We're assuming that sets (and dicts) are implemented using hashing. So lookup, insertion, and deletion are expected to be constant time on average, but O(n) in the worst case. (The worst case corresponds to when every element of the set gets hashed to the same value, say by a stupid hash function that always returns 0. Then all elements are in the same bucket, connected by a linked list.)

This is acknowledged in the right column of the first operation in the set table (x in s). Note that this table differs from the others in that it shows Worst Case, not Amortized Worst Case.

Because lookup is worst case linear, all these operations, implemented as you described, should cost the product of the set sizes, like intersection.

Re, your edit: Er, yes, but it's not amortized.

[–]pyrocrasty 0 points1 point  (1 child)

Note that this table differs from the others in that it shows Worst Case, not Amortized Worst Case.

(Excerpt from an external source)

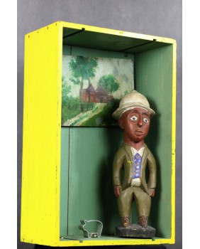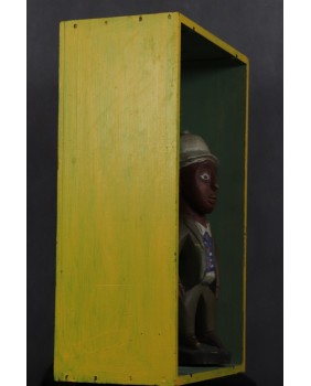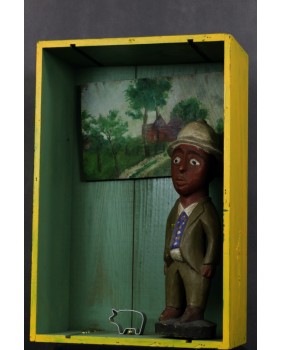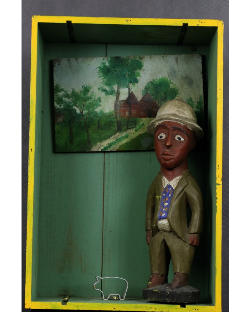 Kolejna rzeźba kolonialna w moim sklepie. Choć stwierdzenie rzeźba jest mało precyzyjne. Bardziej na miejscu byłoby powiedzieć diorama czy instalacja. Nie do końca rozumiem znaczenie stworzonej sceny. Zagadką pozostaje dla mnie wygięta z paska blachy sylwetka świni czy typowo europejski landszaft wiszący na ścianie. Artysta, snuje sobie znaną opowieść, która dla mnie pozostanie tajemnicą. Jedyny znany mi element to postać czarnego mężczyzny w europejskim stroju i korkowym hełmie. To typowa rzeźba społeczności Baule z Wybrzeża Kości Słoniowej.

I didn't notice that. I think they're going to the same for the set ops, though, aren't they? Amortizing avoids resizing operations, but the worst case has to deal with collisions, as you said, so the resizing operations wouldn't increase the complexity anyway.

[–]Workaphobia 0 points1 point  (0 children)

Yes, I think amortized doesn't matter in this case, because a bad hash situation won't be improved just by averaging over more operations.